Before you were unmasked, you mentioned that even though performing in front of thousands can be comforting, it can also be quite isolating. What about The Masked Singer experience helped you reconnect with yourself and your love of performing?
I think [The Masked Singer] strips away all of the comfort blankets that you have as a performer. You don’t have your own persona. Normally when you’re doing your own show, all of the audience is there just to see you, so you feel like you have everyone on your side to begin with.
Even just little hand gestures or the way I would normally stand, there is a certain confidence in years and years of stage presence, and I couldn’t use any of that because I was inside this disguise, so all I had was sound.
All I had was just my ability to make sound and trust that everything that was happening behind me was working. I couldn’t really see, I could barely move, and so it just takes you back to those early memories that I have of learning to sing and being in singing lessons – taking care of the voice, thinking about pitch, thinking about the real basics.

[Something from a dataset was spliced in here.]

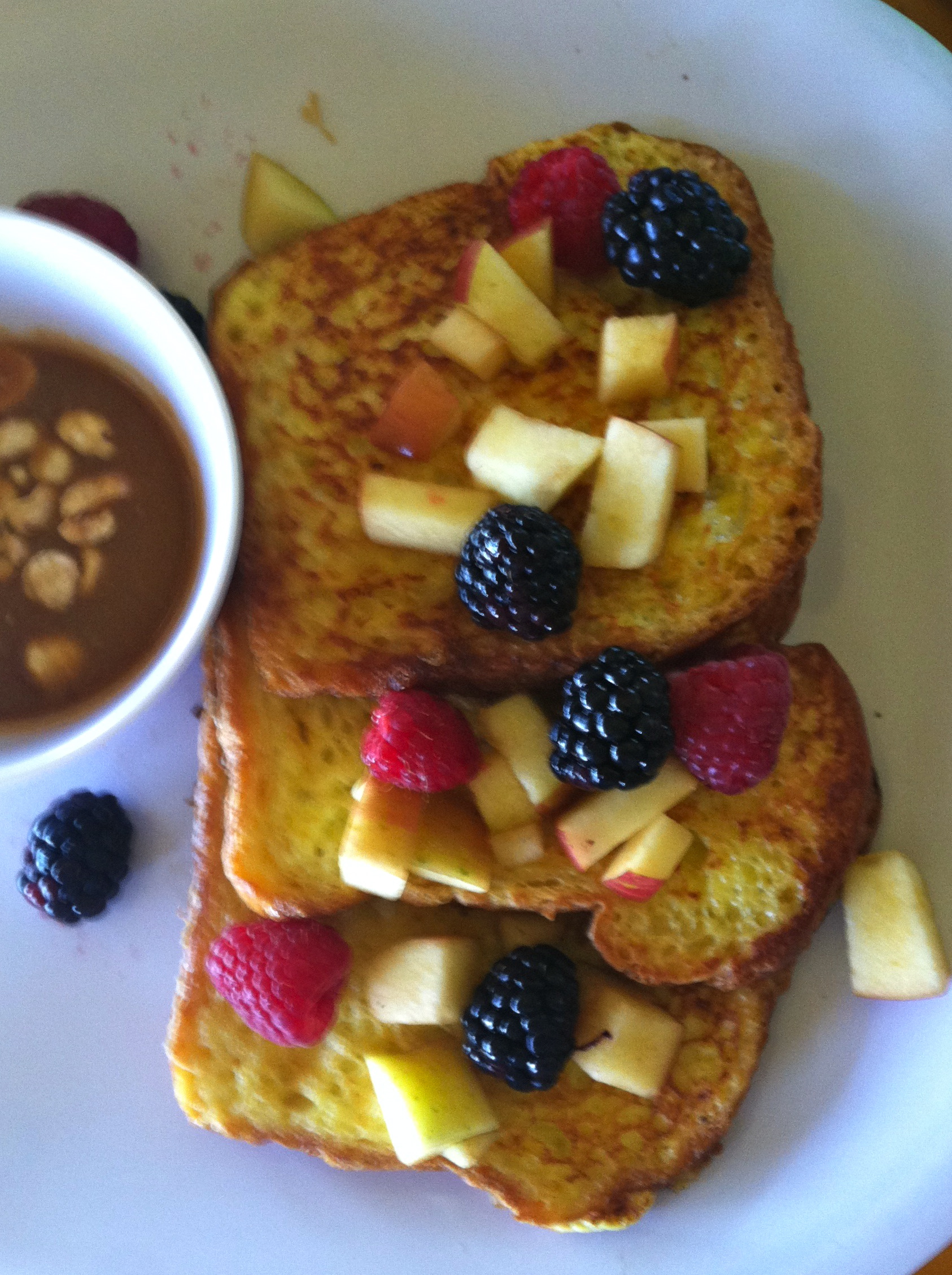 Aidan went with breakfast for lunch with the Brioche French Toast that came with a banana-caramel sauce with hazelnuts on the side. We all kept stealing bites. It was heavenly.

Performing inside the mask provides a unique opportunity for the audience to detach the artist from the art, and let your voice be the centre of the performance. What do you think it is about the power of the voice that resonates so deeply with people?
If I think about instruments, often the voice is compared to the violin. It’s a stringed instrument, and the voice feels a little bit like a stringed instrument in that it’s these two pieces of very thin skin, but they vibrate. Vibration is a frequency and frequency carries with it this idea of emotion.
I think we can tell someone’s mood from the tone of their voice when they’re speaking. I don’t like to give myself a compliment, but I know that I am an emotional person, and I think that my emotional state comes through when I sing.
I think that there are certain people in the world that we are drawn to their voices because I think we relate, and we can feel [their emotion.] When I listen to Adele singing a song like When We Were Young, it’s not just the lyrics she’s singing, but there’s a cry and her voice.
That’s what is so unique about a show like The Masked Singer because you either relate emotionally to that person’s voice or you just don’t, and that’s fine too. When it’s someone’s voice that’s really magical to us, it’s exciting because we [think,] ‘That voice has moved me in the way that it has impacted my memories.’ That’s what’s magical about this concept of a secret voice.
How did you decide on the Grim Reaper as your mask? Did you experience any unique challenges performing in such an elaborate costume?
I did ask to choose my costume, and I had approval over the costume, but the first one they presented to me I just loved. I just thought [Grim Reaper] was really cool and I was just grateful that I didn’t look like a ball!
I wanted to look slightly human-like, and obviously, [The Masked Singer costume designer] Tim Chappel is just a genius, so I was very grateful that [Grim Reaper] was sort of rock ‘n’ roll and that it threw people off the scent a little bit, because I’m a romantic at heart, and this costume was sort of scary. If you really thought about it, I was a goth when I was younger and I was into vampires, so he was very clever in giving people that clue.
It was incredibly difficult to perform in because it involved a harness that strapped around my chest that was shaped like a V that held this massive head above me to make me almost 12 feet tall, and my arms threaded through so that they were up [above my head], which meant my lungs were always lifted, so I had to become accustomed to singing with an elevated chest.
There were lots of things that I think I was very lucky for. It was very breezy in there and I could move my head around a lot, but it was a challenge. It was very hot, and terrifying. Probably not good for the children’s vote I imagine!